学校の帰り道、アンジェがニタニタしている。
何か悪巧みでも考えている感じだ。

「たっくん、お昼に何してたの?」

何か嫌な予感がする。

「葉月先輩に呼び出されて旧校舎の空き教室に行ったんだよ」

「えっ!?葉月先輩って誰?拓海君とどういう関係なの?」

渚がぐいぐいくる。

「ほら、安藤先輩のお兄さんを治療しただろう。
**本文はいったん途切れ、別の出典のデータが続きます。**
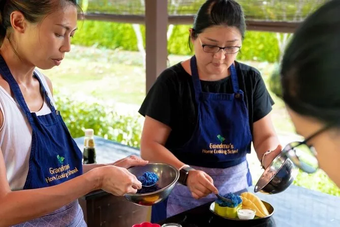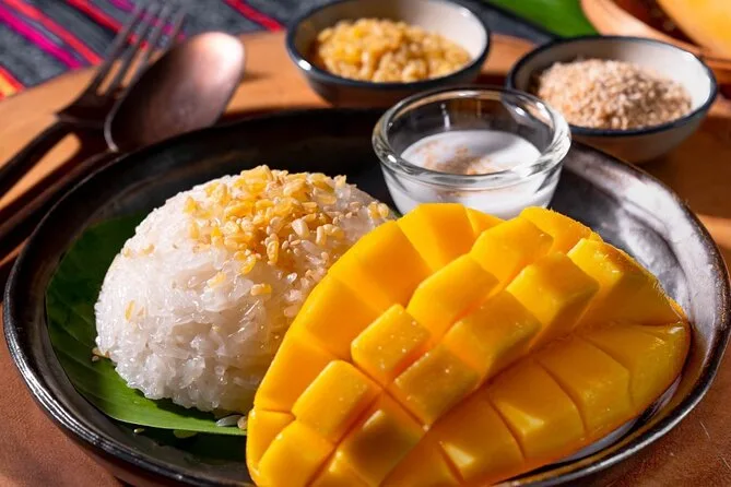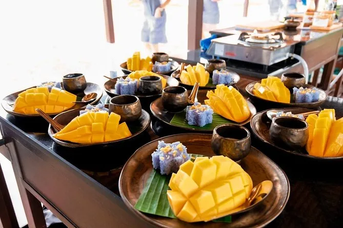 You’ll make four dishes such as Tom Yam or Tom Kha soup, Pad Thai noodles, a curry (green/red/Khao Soi), plus enjoy mango sticky rice dessert.

そうお時の縁で友達になったんだ」

「そうか、あの時の……友達、ぶつぶつ」

渚が独り言を言い出した。

「たっくん、それだけじゃないでしょ?」

まさか、アンジェは姿を消して……
俺がアンジェの方をみると、未だニコニコしている。

「釣川先輩も一緒だったよ。昨日のお礼を言われた」

「拓海君、まさかその釣川先輩とも友達になったの?」

渚さん、ぐいぐい来すぎじゃ……

「そんなことはないよ。釣川先輩は柚子の事が好きみたいだし」

「ほえっ、わ、私ですか?」

柚子はこのところ猫がいたりいなかったりしている。
キャラが入り乱れてる。

「そうみたいだよ。ファンクラブの会員なんだって」

「「ファンクラブ!?」」

渚も柚子もその存在は知らなかったようだ。

「柚子も渚もファンクラブがあるらしい。それからアンジェのも最近できたらしいぞ」

「え、私のも?」

アンジェは自分のファンクラブの存在を知らなかったようだ。

「そうなんだ、私のもあるんだ」

渚はどう反応したら良いのかわからない様子だ。

「そんなファンクラブがある女性達と毎日登下校してるたっくんは幸せものだねえ」

「因みに俺のもあるらしい」

「え、拓海君のもあるの?」

「蔵敷滅殺クラブだってさ」

「「「ははははは、なにそれ」」」

みんな笑ってるが特に柚子にはツボだったらしく、俺の肩をバンバン叩きながら転がる勢いで笑っていた。